Ordered that the judgment is affirmed and the matter is remitted to the County Court, Westchester County, for further proceedings pursuant to CPL 460.50 (5).

On April 7, 1989, at about 10:50 p.m., Detective Joseph Radzinski and his partner were on patrol in an unmarked police car. They were patrolling an area where Detective Radzinski had previously made approximately 50 drug-related arrests when they observed the defendant remove a metal "Hide-A-Key” box from the steel grate covering the window of a plumbing supply store. The Hide-A-Key box was of a kind in which Detective Radzinski had on prior occasions observed persons hide cocaine.

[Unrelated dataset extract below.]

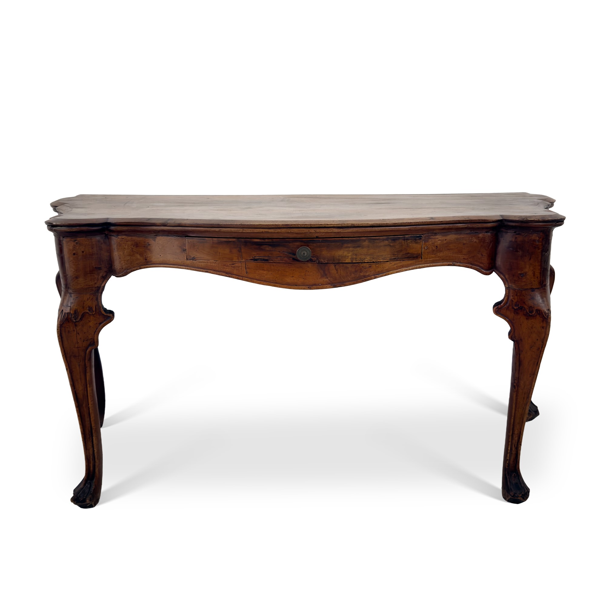 piano dal profilo sagomato; fascia sottostante munita di cassetto, gambe a voluta segnate superiormente da un lieve intaglio a motivo vegetale, cm. 79x160x65 circa
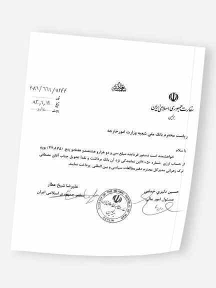 وتساءل الاثنان أيضا في هذه الرسالة: "هل كنتم على علم بعلاقة طباطبائي مع النظام الإيراني، سواء بشكل رسمي أو غير رسمي؟" هل كنتم تعلمون بعلاقات طباطبائي مع النظام الإيراني قبل تعيينها في وزارة الدفاع؟

The two detectives, each dressed in plainclothes but wearing an identifying badge, exited the vehicle, without drawing their guns, in order to make inquiry. The defendant, who on a prior occasion had observed Detective Radzinski making an arrest, looked at the detectives and turned and ran, with the Hide-A-Key box, into a nearby grocery store, which was open to the public. Detective Radzinski and his partner followed and they observed the defendant hand the box to the codefendant Palmer, who, followed by Detective Radzinski, went to the back of the store, where he threw the box to the floor. Detective Radzinski picked up the box, looked inside, and saw 17 vials of what appeared to be and later proved to be crack cocaine. Both the defendant and Palmer were then placed under arrest.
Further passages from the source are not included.